In an all too brief a life – he was barely 39 at the time of his death – Bharati transformed Tamil with his poetry and other literary endeavours, successfully heralding modernity to an old language. Not surprisingly, therefore, despite the above contrasts, his name is often mentioned along with Tagore in general surveys of literature in modern India. This short essay, however, is not an attempt to make a comparative study of these two iconic figures,1 but to document and delineate Bharati’s engagement with Tagore and his writings – for Bharati not only commented on Tagore at various times but also translated a considerable number of his essays and short stories.


The two poets never met. Bharati visited Calcutta in December 1906 for the annual session of the Congress. Tagore had taken no real interest in this session, and had commented in less than an enthusiastic tone, ‘I ran away from the Calcutta crowd tired and disappointed.’ Bharati met Sister Nivedita (and inspired by her, even dedicated two of his first books to her) but not Tagore. Did Bharati run into him? Did he even know of Tagore and his writings at this point in time? We will never know.

More than a decade later, in early 1919, Tagore travelled to the South – to Madurai, Tiruchy, Thanjavur, Kumbakonam, and Chennai.2 Bharati had been released from prison only a few months earlier on his return from exile; a broken man he was still trying to find his feet in British India. Stationed at Kadayam in Tirunelveli district at his father-in-law’s home, Bharati was travelling to Chennai and other places in the Tamil country in desperate search of patrons. He was probably in Chennai when Tagore gave a talk at Gokhale Hall on 10 March, for Bharati himself was lecturing not too far from there at the Victoria Public Hall about a week later.


Interestingly, Tagore had come on this fundraising tour, for Visva-Bharati, at the instance of J.H. Cousins,3 the Irish poet, who could claim some familiarity with Bharati’s writings and had even translated a couple of Bharati’s poems into English. The Hindu gave Tagore’s visit extensive coverage, and it is impossible that Bharati could have missed it; but we have no record of him having even had a glimpse of Tagore.4 And given Bharati’s peculiar circumstances – he was at that point committed to pre-censorship by the police and was evidently being shadowed – he might be condoned for having given Tagore the miss.
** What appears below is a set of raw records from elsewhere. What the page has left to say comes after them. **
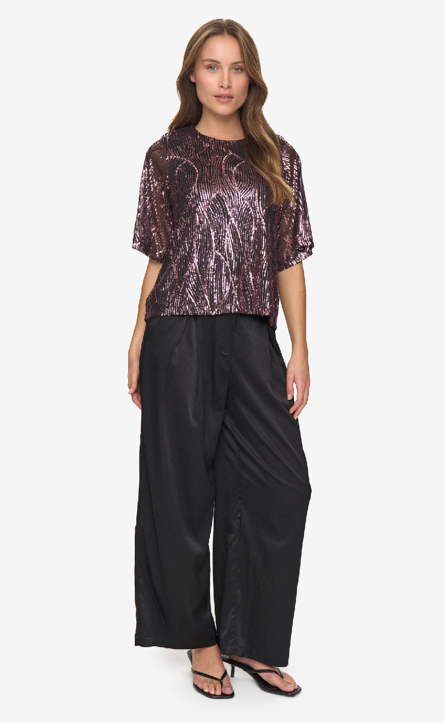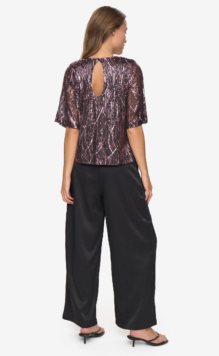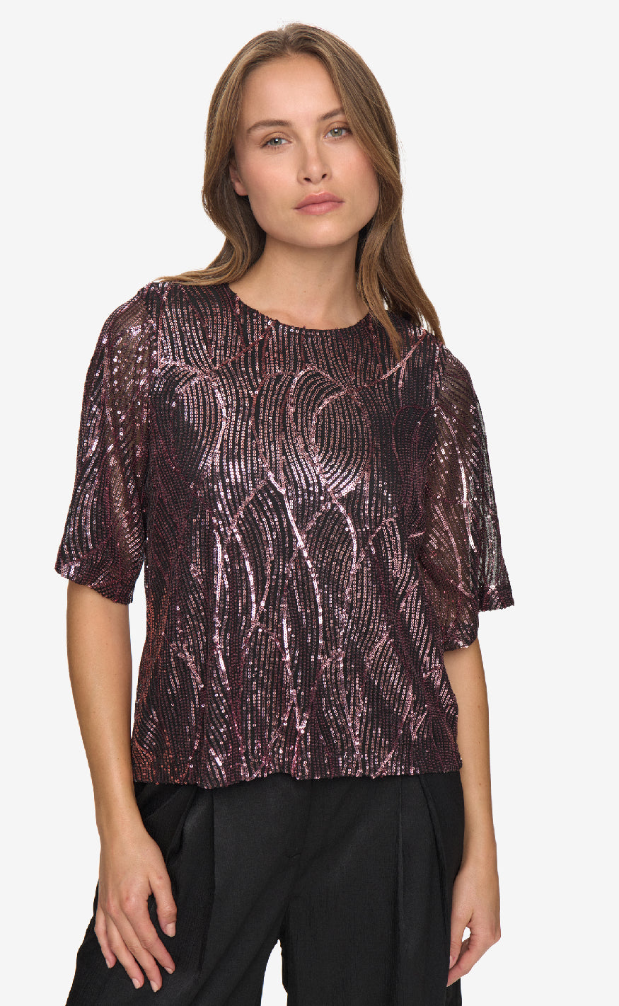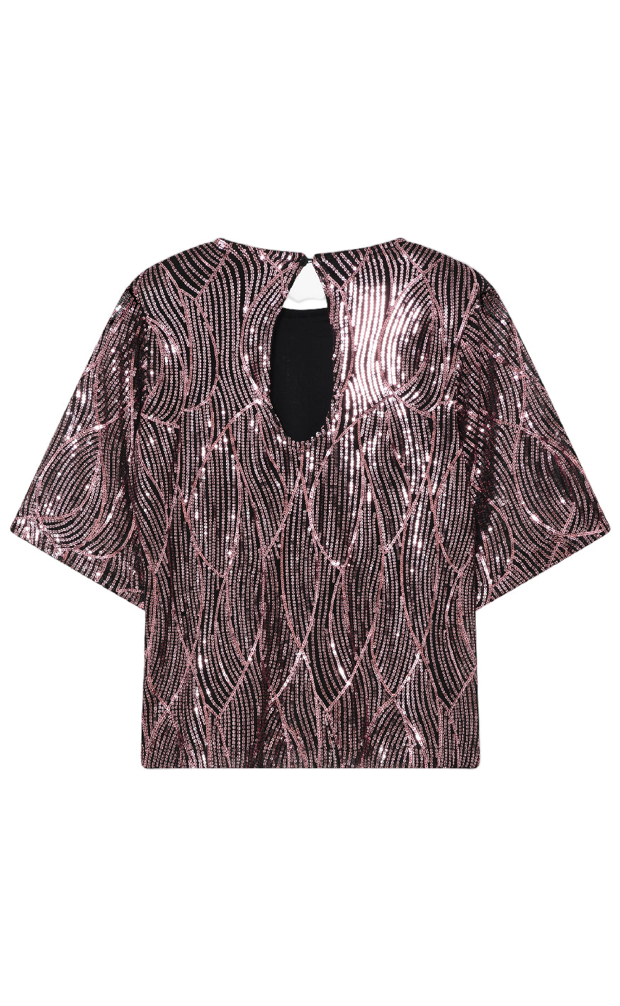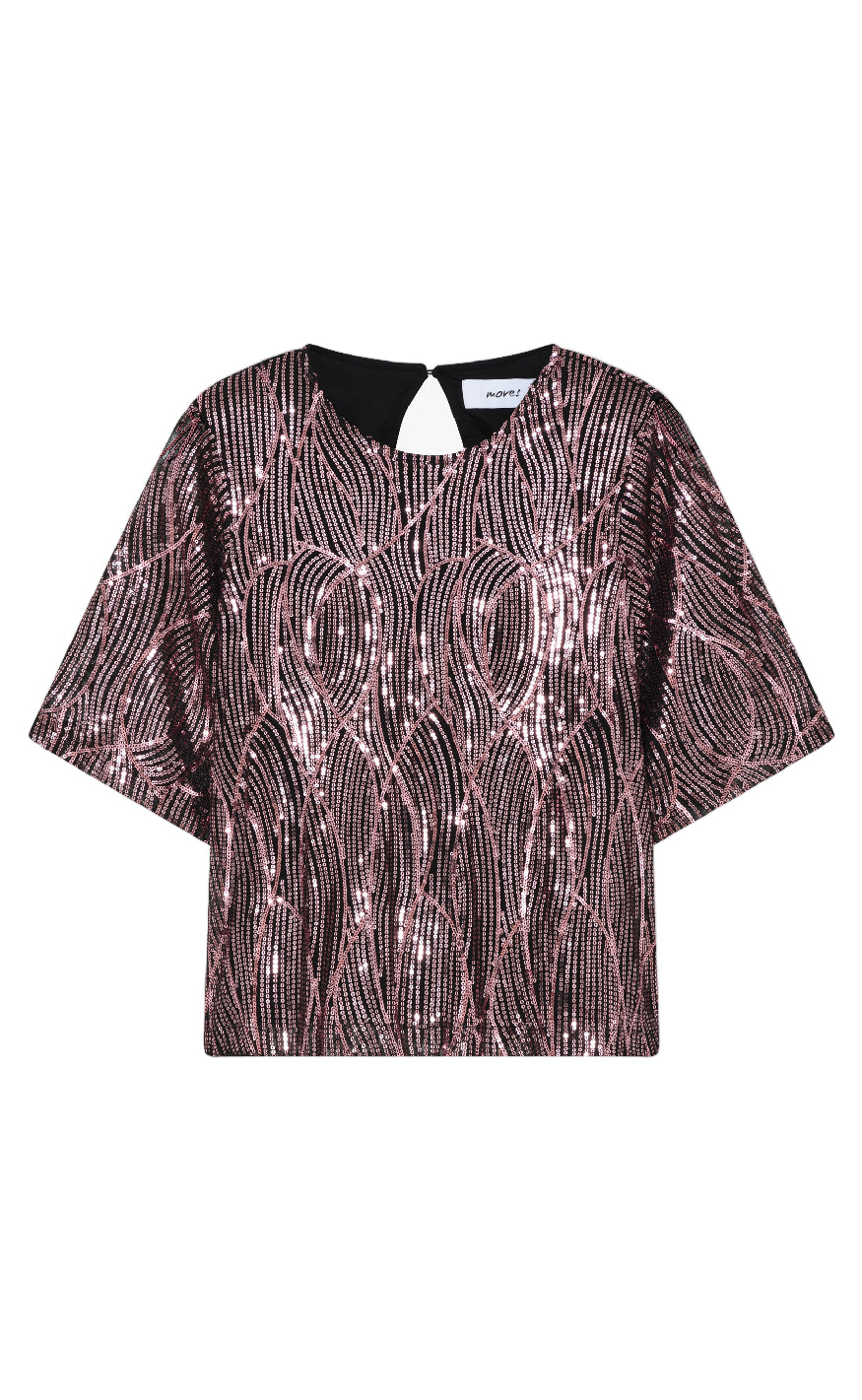 Denne bluse fra Moves er en glitrende top med korte ærmer og et elegant mønster i rosa og sorte pailletter, som giver et festligt og sofistikeret udtryk.
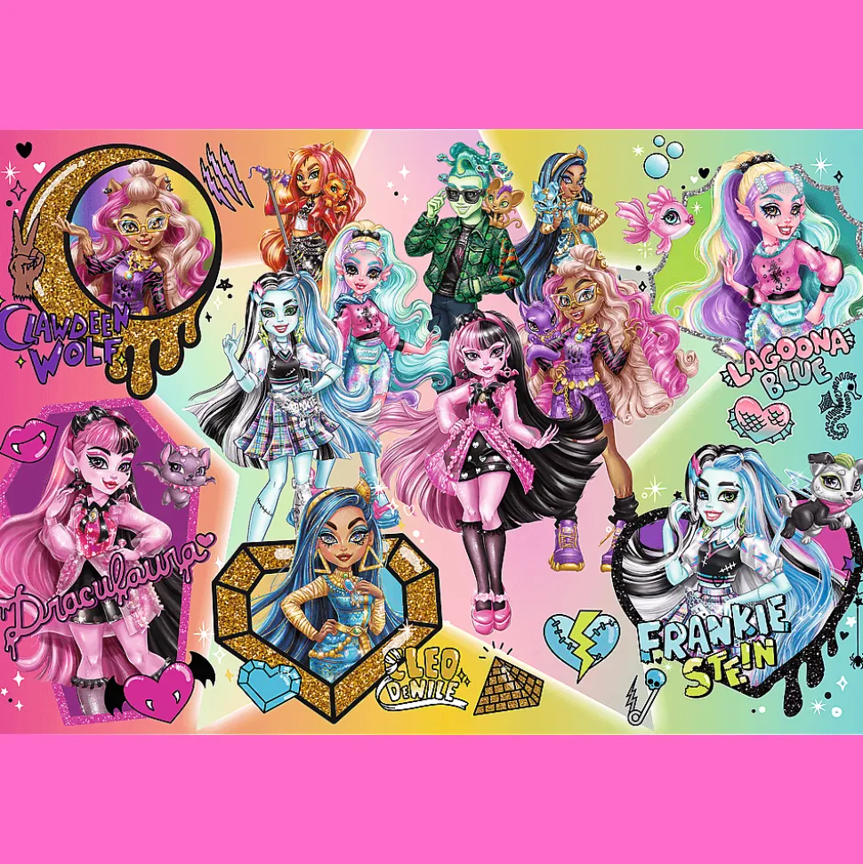 Zombie górą! to puzzle składające się z 300 elementów przedstawiające lalki z serii Monster High. Po ułożeniu układanki powstanie obrazek o wymiarach 600×400 mm.
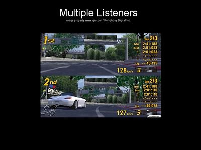 Multiple Listeners совершенно новая технология, обусловленная появлением игровых консолей (PlayStation 2, Xbox, GameCube) и игр для них с двумя или более игроками, играющими одновременно. В качестве примера Grand Turismo 3 (Polyphony Digital Inc.) на игровой TV-приставке PlayStation 2. Оба игрока играют на разных машинах, соответственно, находятся в разных частях игрового мира и по идее должны слышать только те звуки, которые их окружают. Конечно, они оба одновременно слышат звуки друг друга, но эта технология заметно упрощает реализацию. К сожалению, не один современный (аппаратный) API не поддерживает Multiple Listeners. Описываемая технология есть только в одном коммерческом звуковом API FMOD. Более подробно об этом читайте чуть ниже.
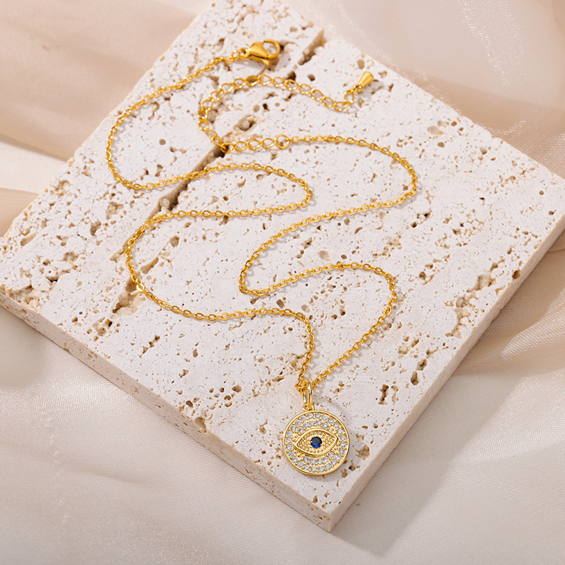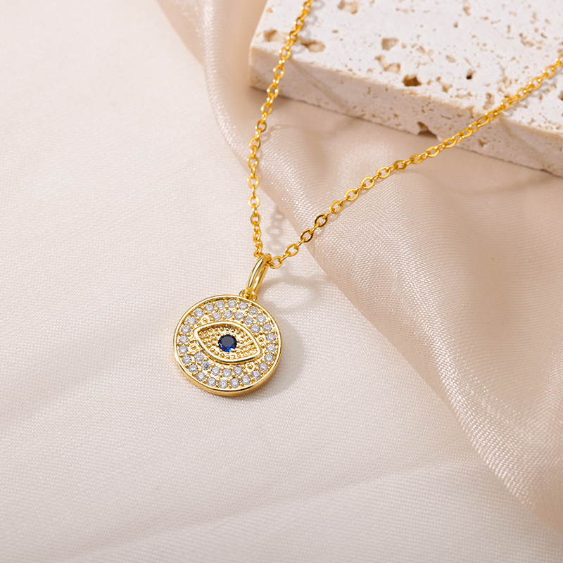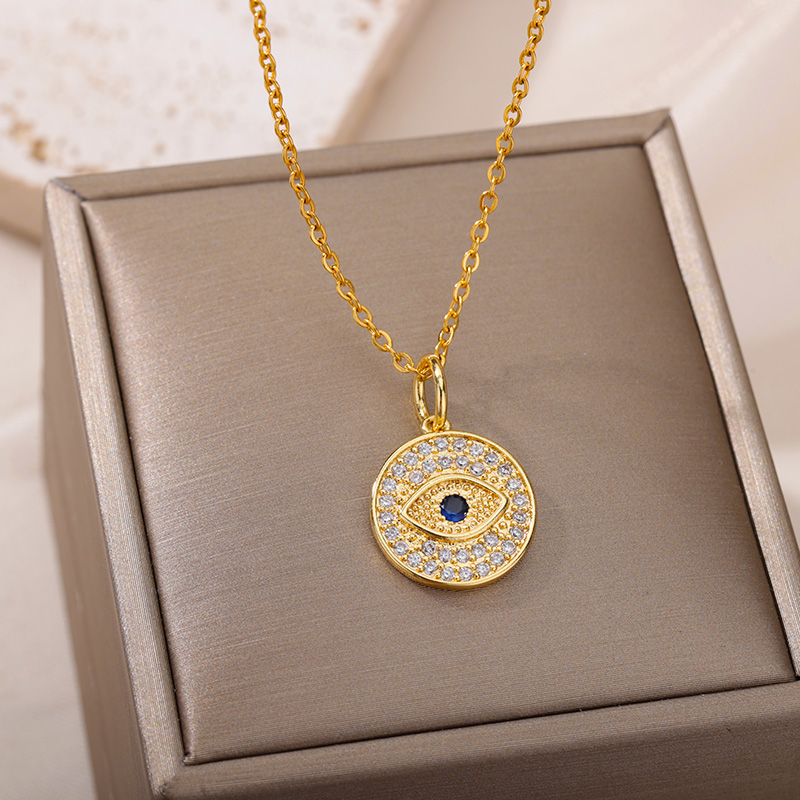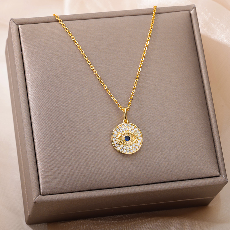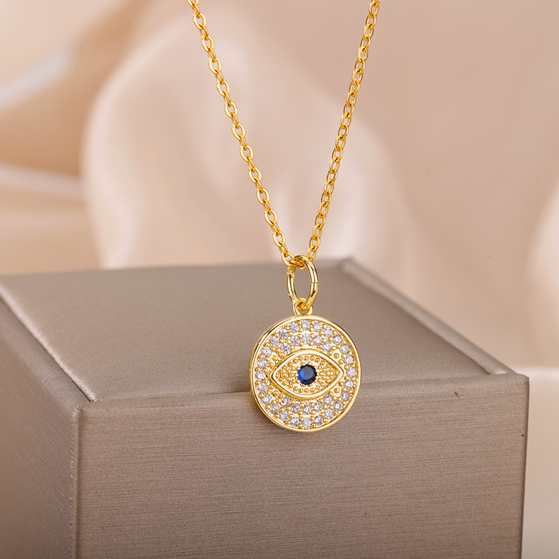 Evil Eye Necklace Stainless Steel Gold Cubic Zirconia Simulated Diamond Pendant Necklace Fine Jewelry for Women Girls
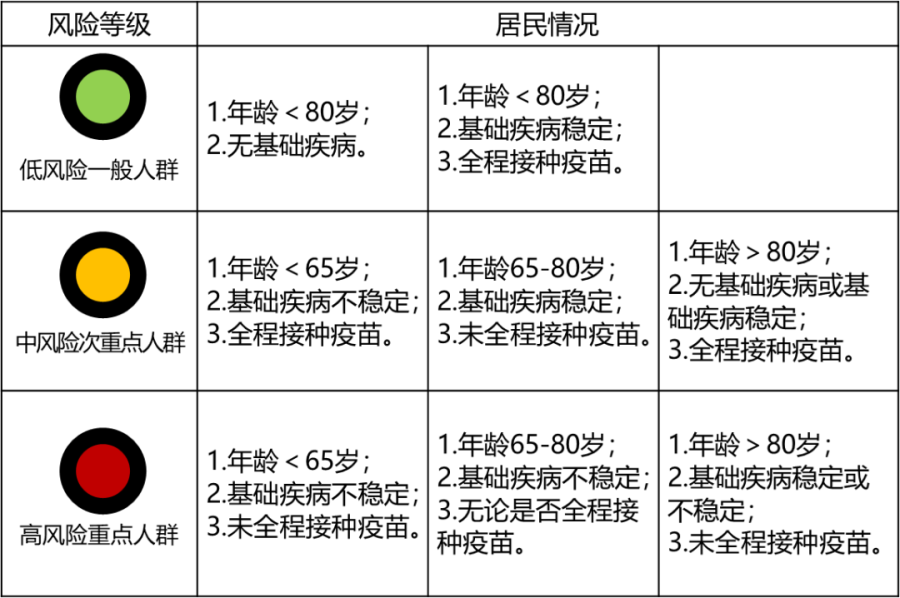 12月7日,国家针对居民不同基础疾病和疫苗接种情况制定了风险评估标准。其中需要同时满足两个条件的人群才划为低风险人群:①年龄小于80岁;②无基础疾病,或者基础疾病稳定且全程接种疫苗。

The two therefore most certainly never met. If they had it would have been worthy of record by literary historians. Did Tagore, later in his life, come to know of Bharati’s existence? It is for Tagore scholars to pursue this question.

Between these two moments – Bharati’s Calcutta visit in 1906 and Tagore’s to Chennai in 1919 – much water had flown. This interregnum was coeval with Bharati’s writing career. Over ten of those years were spent in exile, in Pondicherry, with a police warrant and reward on his head, and a posse of spies and informers hounding him. This was the period that was marked by Bharati’s extraordinary engagement with the writings and reputation of Tagore.


By 1906, still in his early twenties, Bharati was editing his own journal, the Tamil weekly, India. Essentially a product of the Swadeshi movement, he was its perceptive chronicler and commentator, though not a critic like Tagore. The Swadeshi movement, the earliest phase of mass nationalism in India, had germinated in Bengal and had spread to the South. Even a quick reading of Bharati’s paper would indicate that he was up to his ears with the happenings in Bengal, commenting and excerpting from Bengal journals – published both in English and Bengali. He also translated Bankim’s ‘Bande Mataram’ into Tamil (twice, actually). But, surprisingly and interestingly, there’s no reference to Tagore at all in the Swadeshi phase. It is curious to speculate what Bharati might have thought of Tagore’s ambivalence toward the Swadeshi movement after the Jamalpur incident, considering that Bharati never saw the underbelly of nationalism – riots. (We also have no evidence on Bharati’s views on The Home and the World.)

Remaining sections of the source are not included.